SPECIAL SESSION #23
Measuring AI: Methods, Metrics and Standard to Benchmark (Physical) AI Systems
ORGANIZED BY
Matteo Matteucci
Politecnico di Milano, Italy
Agnes Delaborde
Laboratoire National de Métrologie et d'Essais, France
ABSTRACT
Measuring and evaluating the output of AI and Autonomous Robotics systems is not a straightforward process. This is due to the intrinsic property of agency possessed by the system under test: task execution is subject to the system’s own decisions and to its own (often imprecise and/or partial) perception of its environment. Measuring autonomous systems requires novel metrological approaches.
MAIN TOPICS
Topics of interest for this Special Session include but are not limited to:
- Designing benchmarks for autonomous systems: testbeds, protocols, evaluation metrics
- Task benchmarks and Functionality benchmarks: combining module-level and system-level test provides additional insight
- Real-world experience: the METRICS project
- What does “good performance” mean for a robot? When is Robot A better than Robot B? Why are these issues crucial to industrial adoption of autonomous systems?
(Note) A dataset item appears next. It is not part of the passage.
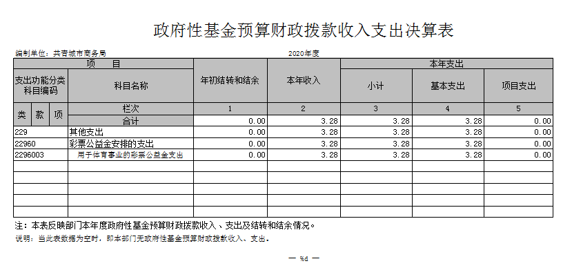 (七)其他支出年初预算数为0万元,决算数为5.6489万元,主要原因是:2020年依据共教体文[2019]77号文件发生的用于体育事业的彩票公益金支出等。

- Bringing metrology to new grounds
ABOUT THE ORGANIZERS
Matteo Matteucci, PhD, is Full Professor at the Department of Electronics, Information and Bioengineering of Politecnico di Milano, Italy. His main research topics are pattern recognition, machine learning, machine perception, robotics, computer vision and signal processing. He is deeply in the field of Robot Benchmarking; he participated as benchmarking expert in the FP7 EU funded RoSta Project. He has been the Coordinator of the European project RAWSEEDS (20062009, http://www.rawseeds.org) a Specific Support Action in the FP6 for the development of a benchmarking toolkit for multi-sensor SLAM algorithms. He has been the Principal Investigator for Politecnico di Milano (Partner) of the FP7 project RoCKIn (20132015, http://www.rockinrobotchallenge.eu/) for the design and execution of two international competitions for the benchmarking of autonomous robots in the home environment (RoCKIn@Home) and at work (RoCKIn@Work).
Agnes Delaborde, PhD, is Head of Department of “AI evaluation and cybersecurity” at Laboratoire National de Métrologie et d'Essais. Agnes Delaborde has been a research engineer at the Laboratoire National de Métrologie et d'Essais since 2017 performing research on the evaluation of robotics, she focuses on metrics and experimental plans for the evaluation of Human-Robot Interaction. She has previously worked for 7 years at LIMSI-CNRS on Human-Robot Interaction modeling and specialized in experimental plans for data collection in robotic environments. She is a member of the UNM-81 standardization committee in charge of industrial robotics.